_Problem statement_
In the records below, find the line with "Dit samengestelde product" and the line with "本次招標(biāo)組件主要"; return exactly those lines and every line between them.

_Entries provided_
===

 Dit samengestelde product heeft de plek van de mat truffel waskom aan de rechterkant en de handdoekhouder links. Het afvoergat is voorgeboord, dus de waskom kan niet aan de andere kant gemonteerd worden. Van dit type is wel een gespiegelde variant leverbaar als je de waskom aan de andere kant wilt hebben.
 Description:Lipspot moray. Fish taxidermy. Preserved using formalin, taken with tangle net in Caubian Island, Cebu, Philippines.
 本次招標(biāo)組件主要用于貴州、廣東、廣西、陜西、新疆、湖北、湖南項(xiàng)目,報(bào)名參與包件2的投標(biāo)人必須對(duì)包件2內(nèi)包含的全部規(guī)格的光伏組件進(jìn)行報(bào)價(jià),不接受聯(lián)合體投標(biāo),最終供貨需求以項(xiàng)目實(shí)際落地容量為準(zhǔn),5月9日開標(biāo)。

===

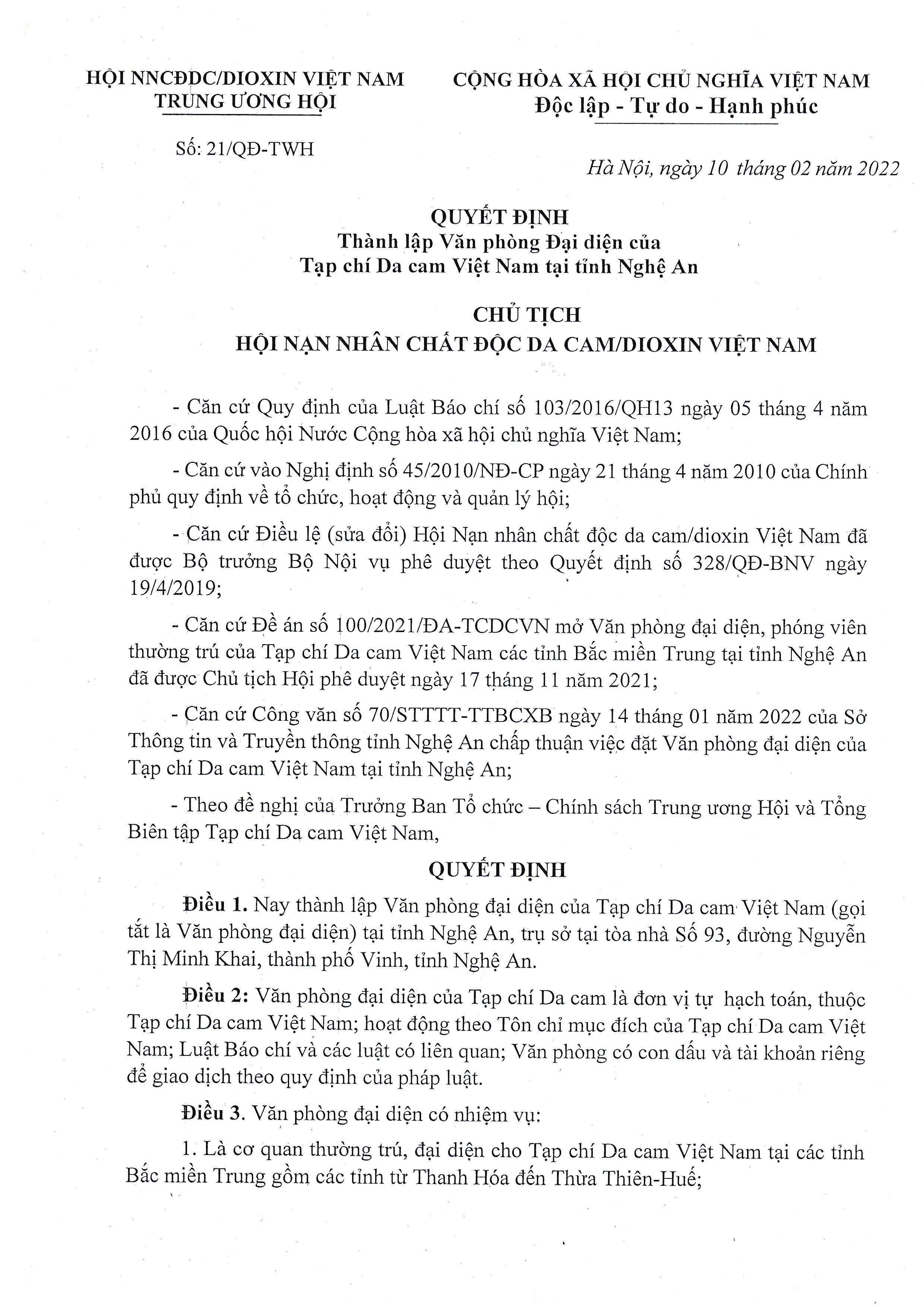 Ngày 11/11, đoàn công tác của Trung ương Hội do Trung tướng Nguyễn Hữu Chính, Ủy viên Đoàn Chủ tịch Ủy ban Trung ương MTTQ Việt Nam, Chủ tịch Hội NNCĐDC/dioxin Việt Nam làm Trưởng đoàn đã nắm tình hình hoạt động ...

===

_Problem solution_
 Dit samengestelde product heeft de plek van de mat truffel waskom aan de rechterkant en de handdoekhouder links. Het afvoergat is voorgeboord, dus de waskom kan niet aan de andere kant gemonteerd worden. Van dit type is wel een gespiegelde variant leverbaar als je de waskom aan de andere kant wilt hebben.
 Description:Lipspot moray. Fish taxidermy. Preserved using formalin, taken with tangle net in Caubian Island, Cebu, Philippines.
 本次招標(biāo)組件主要用于貴州、廣東、廣西、陜西、新疆、湖北、湖南項(xiàng)目,報(bào)名參與包件2的投標(biāo)人必須對(duì)包件2內(nèi)包含的全部規(guī)格的光伏組件進(jìn)行報(bào)價(jià),不接受聯(lián)合體投標(biāo),最終供貨需求以項(xiàng)目實(shí)際落地容量為準(zhǔn),5月9日開標(biāo)。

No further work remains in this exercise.